→ What the task requires:
Return, with both end lines included, exactly what the data below holds from the line with "Ohne lange Wartezeiten" through the line with "該線圖描述了1988-201", though not the pictures.

→ Dataset records:
[Start of section]

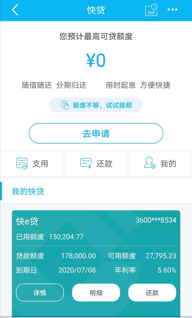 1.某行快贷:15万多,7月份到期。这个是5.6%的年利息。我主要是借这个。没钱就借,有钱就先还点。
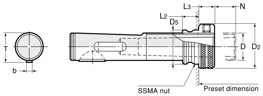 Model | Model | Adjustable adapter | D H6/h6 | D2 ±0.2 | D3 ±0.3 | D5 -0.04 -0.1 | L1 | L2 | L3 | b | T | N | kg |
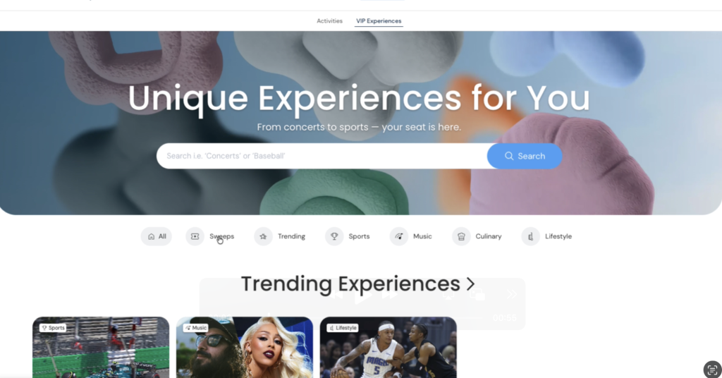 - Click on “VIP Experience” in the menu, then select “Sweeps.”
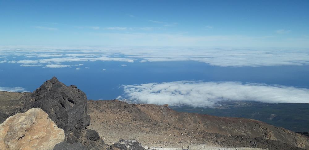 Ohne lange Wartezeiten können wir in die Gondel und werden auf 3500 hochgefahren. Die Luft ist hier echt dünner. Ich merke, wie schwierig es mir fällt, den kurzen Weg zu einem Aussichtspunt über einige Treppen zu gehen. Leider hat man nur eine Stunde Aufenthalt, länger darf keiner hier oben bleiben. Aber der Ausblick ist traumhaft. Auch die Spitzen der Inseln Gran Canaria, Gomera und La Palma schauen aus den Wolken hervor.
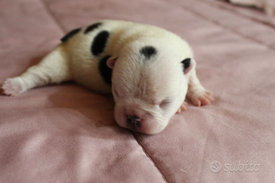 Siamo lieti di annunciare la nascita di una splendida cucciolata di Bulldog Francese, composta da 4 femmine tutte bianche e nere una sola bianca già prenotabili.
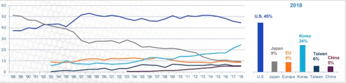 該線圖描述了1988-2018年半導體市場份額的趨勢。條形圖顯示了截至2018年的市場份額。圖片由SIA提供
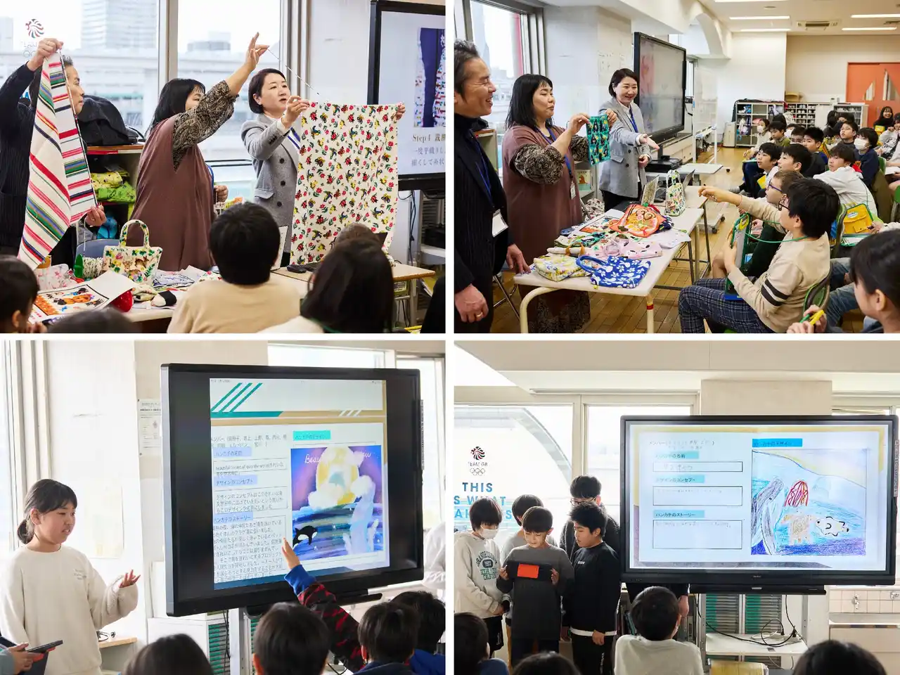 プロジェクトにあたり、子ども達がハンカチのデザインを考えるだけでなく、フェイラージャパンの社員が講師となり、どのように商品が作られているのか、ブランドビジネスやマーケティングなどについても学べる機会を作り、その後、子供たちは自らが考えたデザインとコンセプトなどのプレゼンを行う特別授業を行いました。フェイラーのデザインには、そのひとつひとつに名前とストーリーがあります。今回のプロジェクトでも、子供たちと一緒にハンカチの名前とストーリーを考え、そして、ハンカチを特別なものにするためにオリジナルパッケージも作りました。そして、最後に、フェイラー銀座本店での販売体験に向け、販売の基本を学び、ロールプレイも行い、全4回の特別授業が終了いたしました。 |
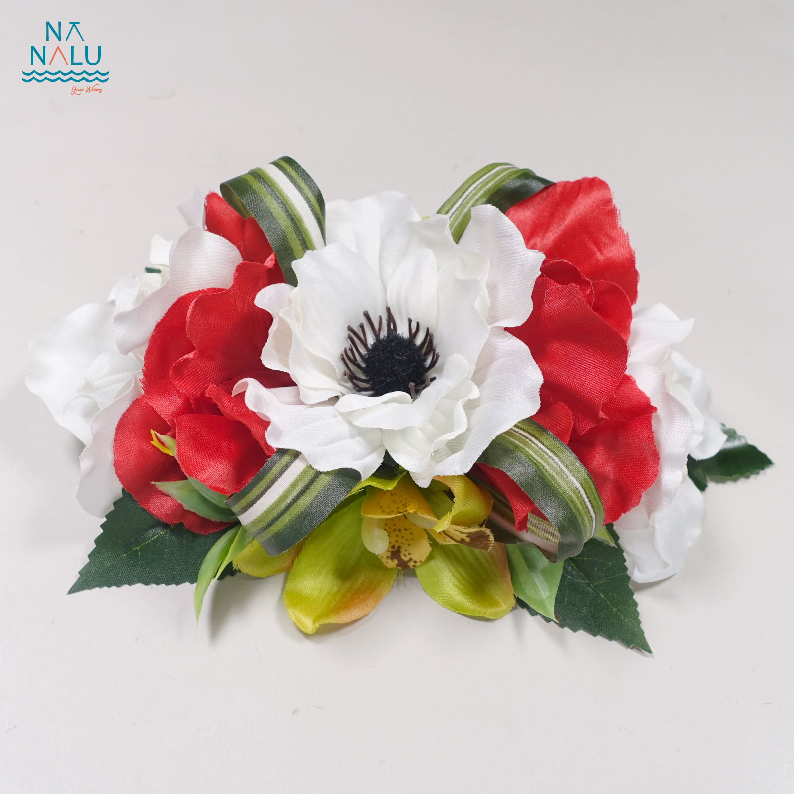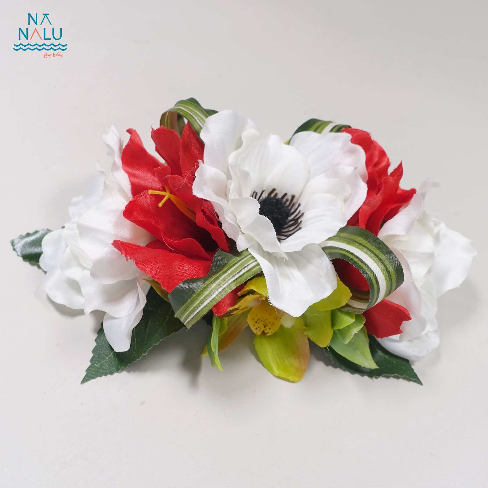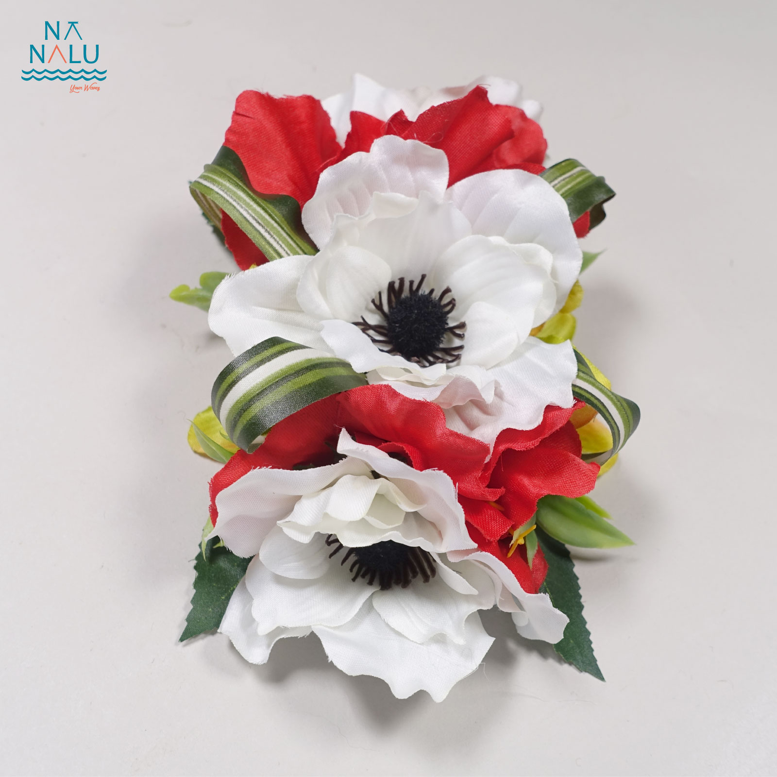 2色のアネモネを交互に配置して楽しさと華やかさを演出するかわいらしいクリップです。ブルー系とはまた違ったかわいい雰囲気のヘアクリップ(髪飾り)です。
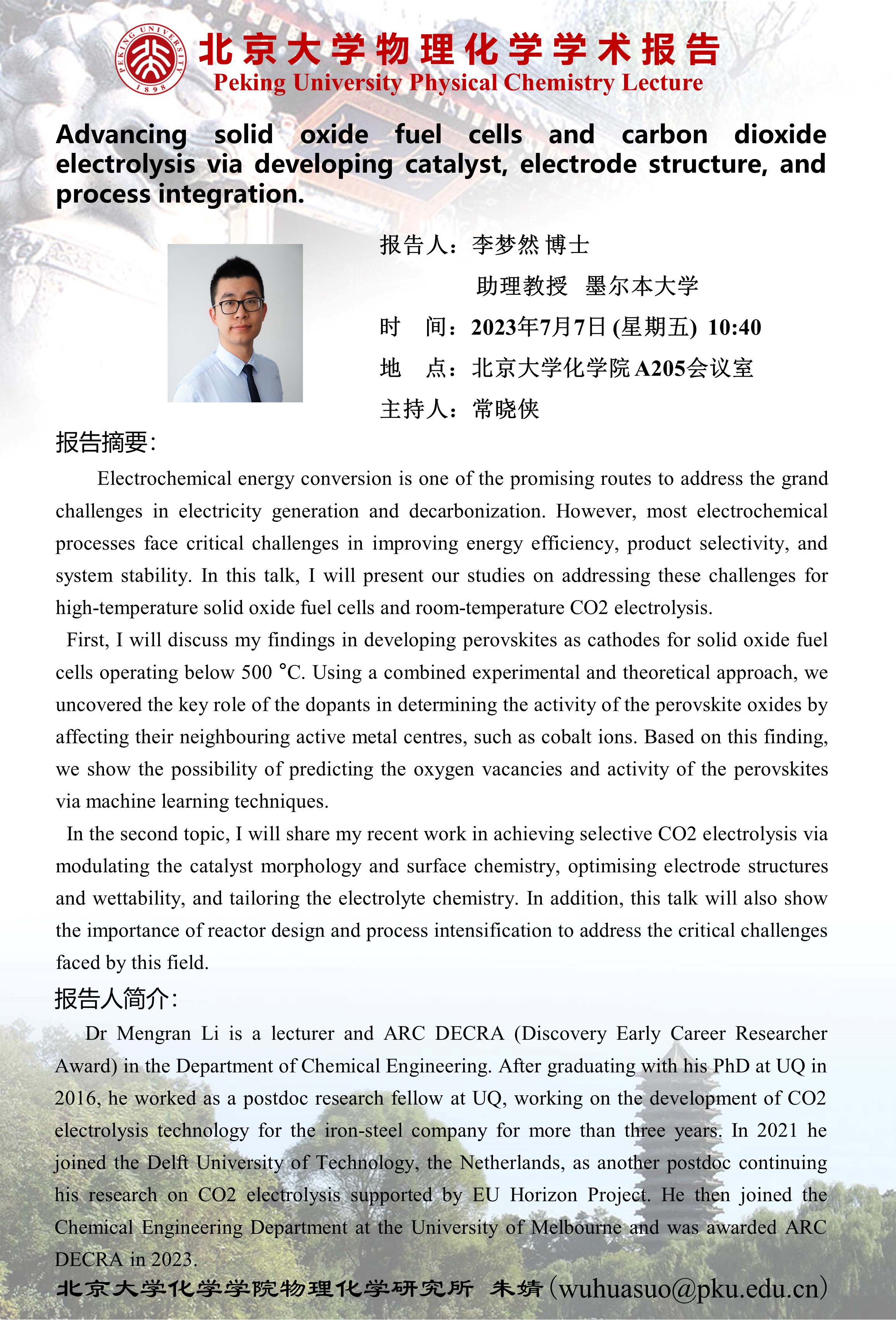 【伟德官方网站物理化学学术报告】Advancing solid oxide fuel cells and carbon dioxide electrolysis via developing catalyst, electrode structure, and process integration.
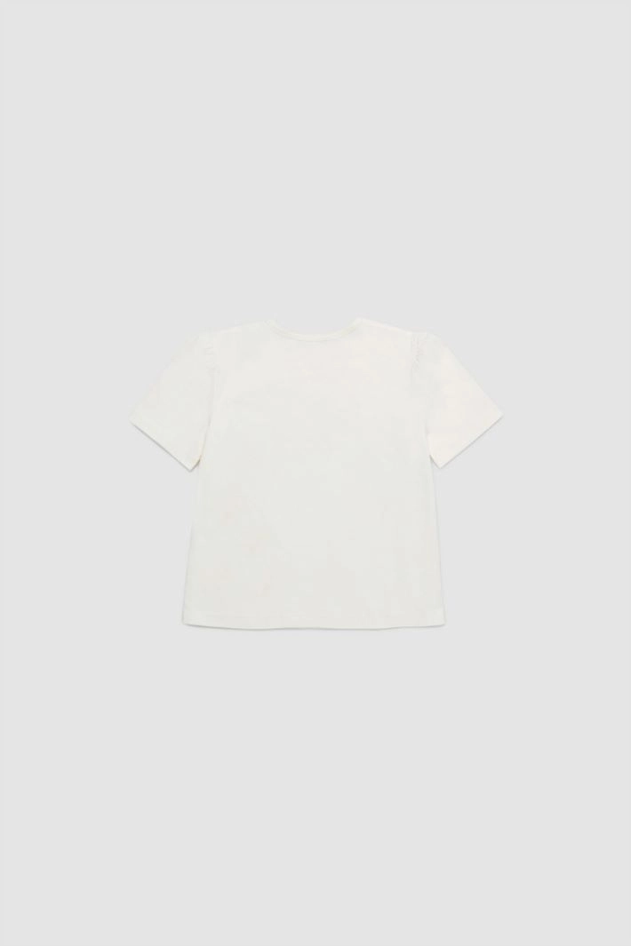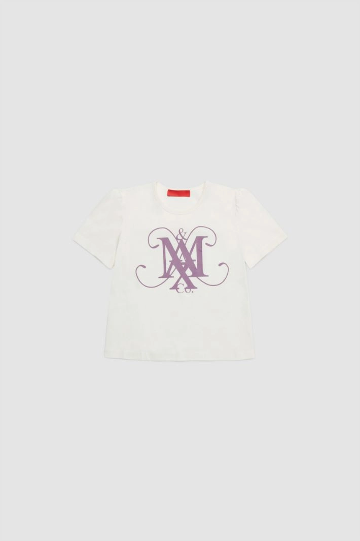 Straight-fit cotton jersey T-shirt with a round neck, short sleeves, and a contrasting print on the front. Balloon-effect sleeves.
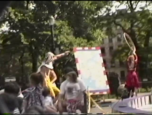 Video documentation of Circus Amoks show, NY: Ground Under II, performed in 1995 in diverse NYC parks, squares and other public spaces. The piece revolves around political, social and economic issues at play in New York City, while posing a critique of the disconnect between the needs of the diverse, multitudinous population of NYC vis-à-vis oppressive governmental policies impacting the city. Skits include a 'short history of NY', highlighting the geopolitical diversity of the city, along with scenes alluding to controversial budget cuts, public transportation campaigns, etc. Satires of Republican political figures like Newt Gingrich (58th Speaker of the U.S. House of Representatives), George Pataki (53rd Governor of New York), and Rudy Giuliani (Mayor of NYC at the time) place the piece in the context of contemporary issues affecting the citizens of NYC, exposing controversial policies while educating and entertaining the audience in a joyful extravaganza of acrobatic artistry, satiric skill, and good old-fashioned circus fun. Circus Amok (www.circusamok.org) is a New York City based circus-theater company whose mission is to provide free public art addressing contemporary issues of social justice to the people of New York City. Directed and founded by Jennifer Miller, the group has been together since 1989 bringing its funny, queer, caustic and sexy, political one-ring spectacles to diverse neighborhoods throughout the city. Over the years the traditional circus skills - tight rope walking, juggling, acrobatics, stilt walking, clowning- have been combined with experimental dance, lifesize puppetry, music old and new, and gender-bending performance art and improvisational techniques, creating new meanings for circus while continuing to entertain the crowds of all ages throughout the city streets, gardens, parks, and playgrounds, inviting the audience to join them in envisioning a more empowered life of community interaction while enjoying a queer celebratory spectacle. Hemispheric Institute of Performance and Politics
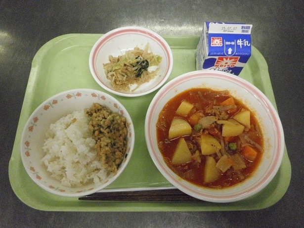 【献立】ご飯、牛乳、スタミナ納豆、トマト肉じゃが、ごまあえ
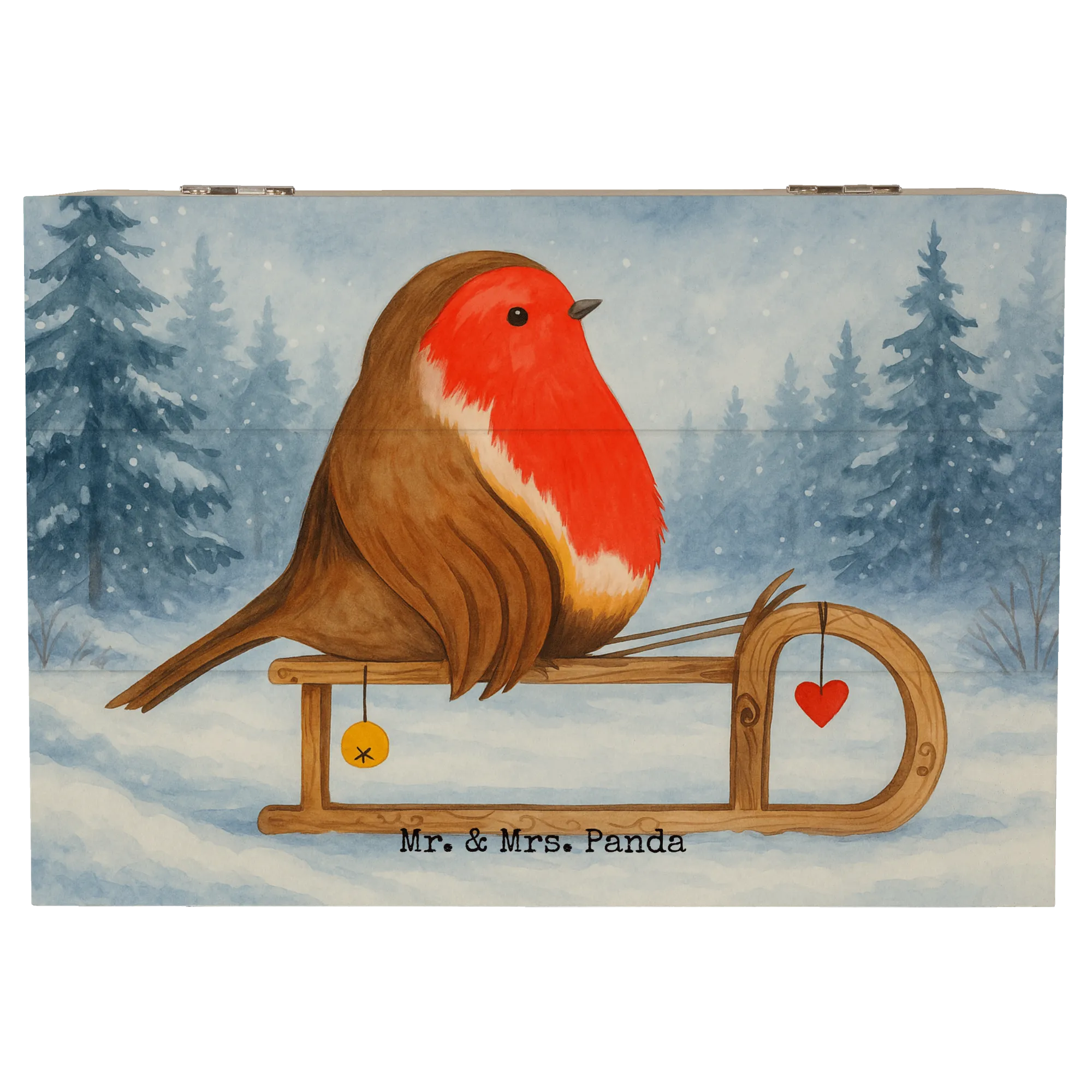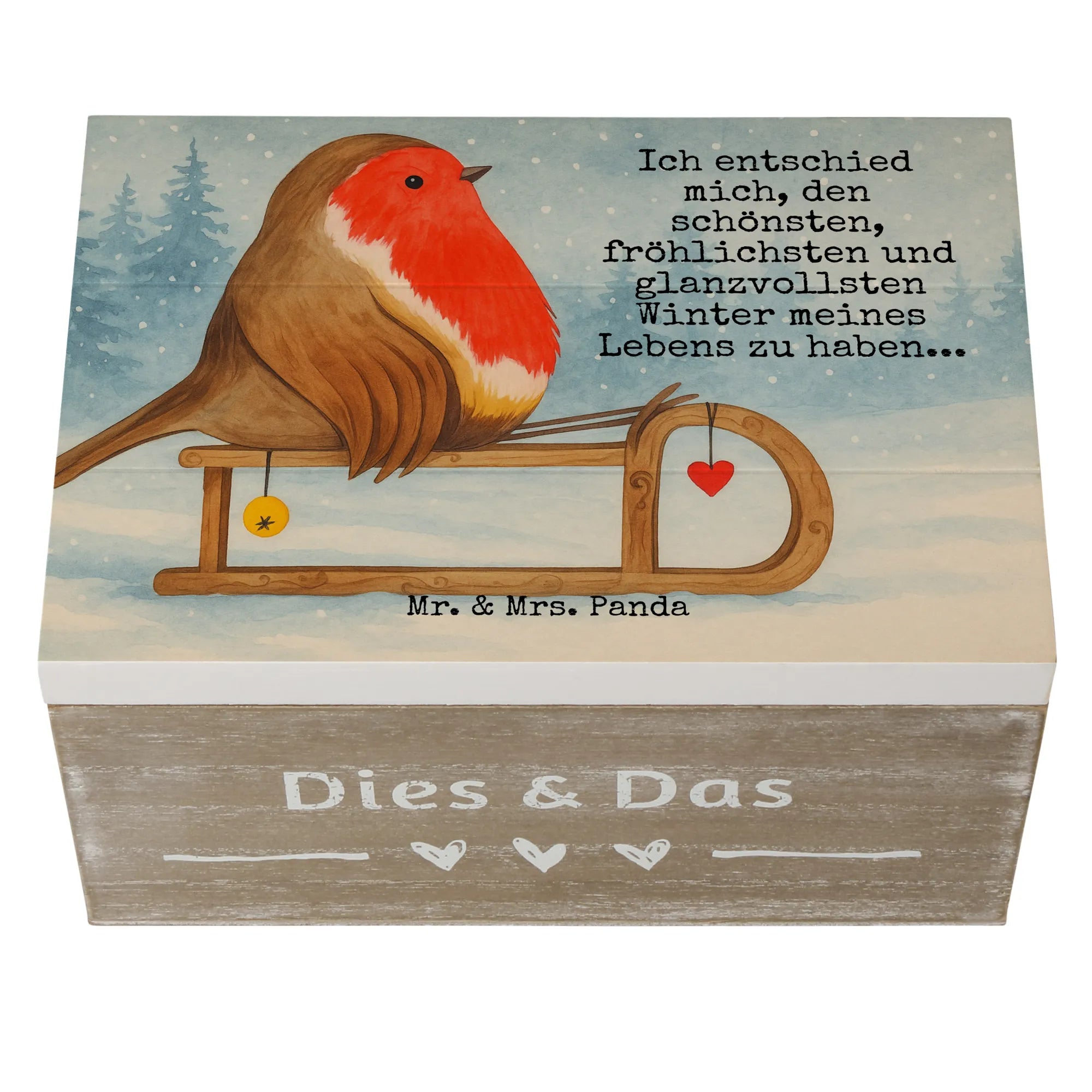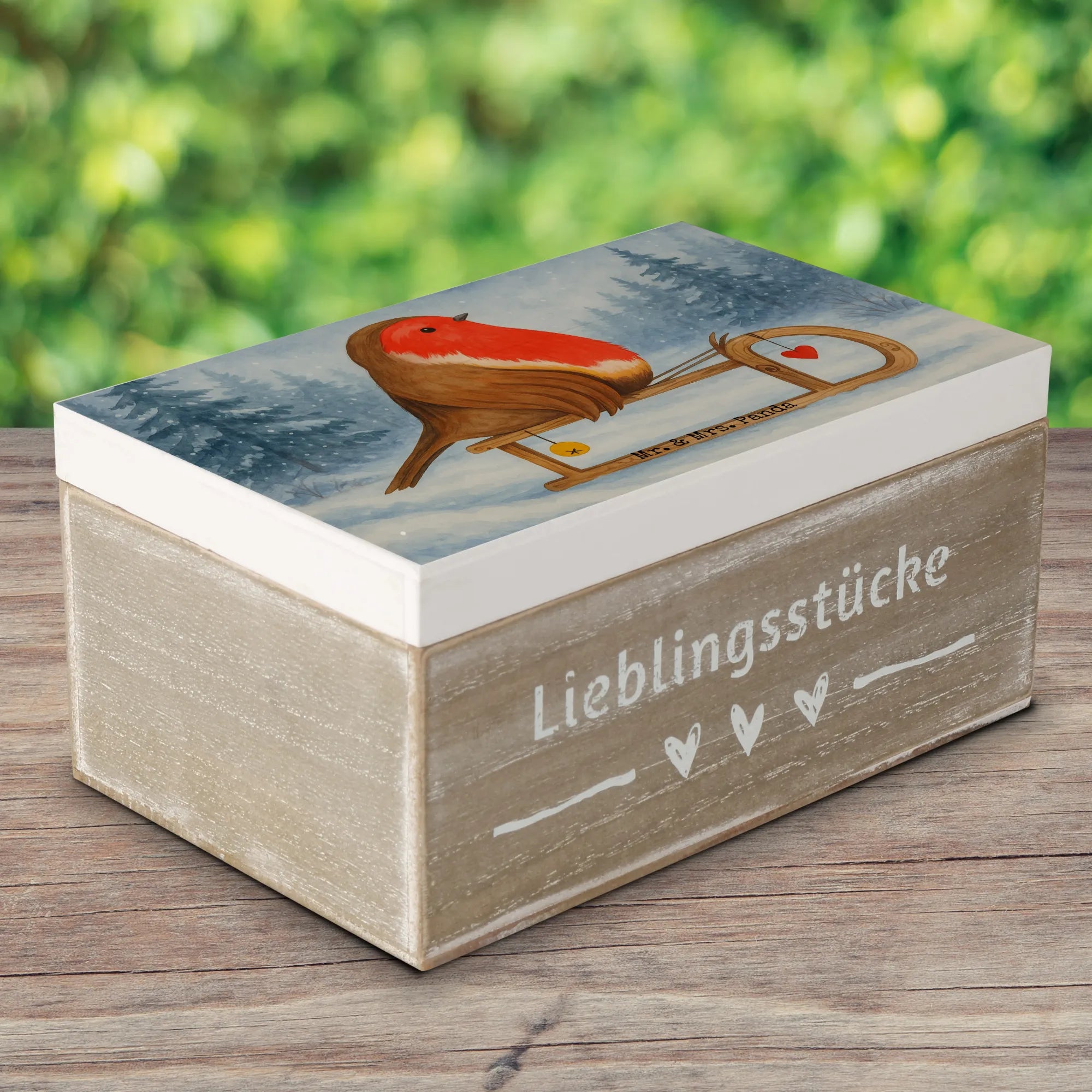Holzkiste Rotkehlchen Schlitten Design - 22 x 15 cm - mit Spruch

[End of section]

→ Exercise response:
 Ohne lange Wartezeiten können wir in die Gondel und werden auf 3500 hochgefahren. Die Luft ist hier echt dünner. Ich merke, wie schwierig es mir fällt, den kurzen Weg zu einem Aussichtspunt über einige Treppen zu gehen. Leider hat man nur eine Stunde Aufenthalt, länger darf keiner hier oben bleiben. Aber der Ausblick ist traumhaft. Auch die Spitzen der Inseln Gran Canaria, Gomera und La Palma schauen aus den Wolken hervor.
 Siamo lieti di annunciare la nascita di una splendida cucciolata di Bulldog Francese, composta da 4 femmine tutte bianche e nere una sola bianca già prenotabili.
 該線圖描述了1988-2018年半導體市場份額的趨勢。條形圖顯示了截至2018年的市場份額。圖片由SIA提供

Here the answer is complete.